EXERCISE DATA:
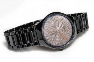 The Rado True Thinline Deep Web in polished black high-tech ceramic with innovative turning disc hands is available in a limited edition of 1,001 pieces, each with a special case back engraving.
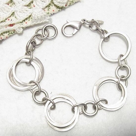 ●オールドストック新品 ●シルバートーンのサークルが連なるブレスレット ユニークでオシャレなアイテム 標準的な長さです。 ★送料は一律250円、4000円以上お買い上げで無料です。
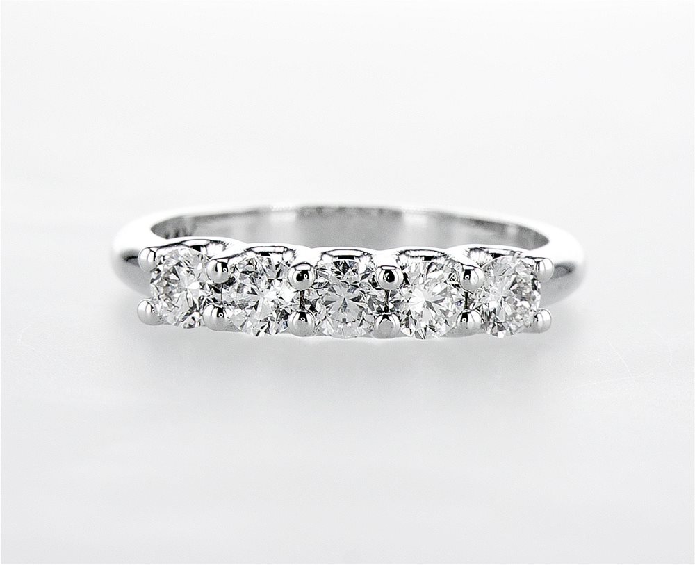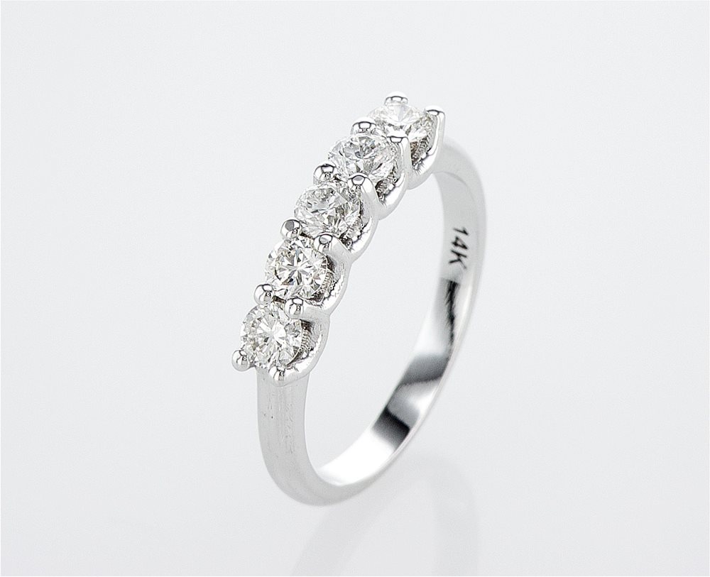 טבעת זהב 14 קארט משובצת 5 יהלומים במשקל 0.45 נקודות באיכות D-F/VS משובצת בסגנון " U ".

EXERCISE DIRECTIONS: No pictures belong in the answer, only the lines from the top of the listing through the line containing "ユニークでオシャレなアイテム 標準的な長さです。 ★送料は一律250円、4000円以上お買い上げで無料です。", repeated word for word.

RESPONSE FOR THIS EXERCISE:
 The Rado True Thinline Deep Web in polished black high-tech ceramic with innovative turning disc hands is available in a limited edition of 1,001 pieces, each with a special case back engraving.
 ●オールドストック新品 ●シルバートーンのサークルが連なるブレスレット ユニークでオシャレなアイテム 標準的な長さです。 ★送料は一律250円、4000円以上お買い上げで無料です。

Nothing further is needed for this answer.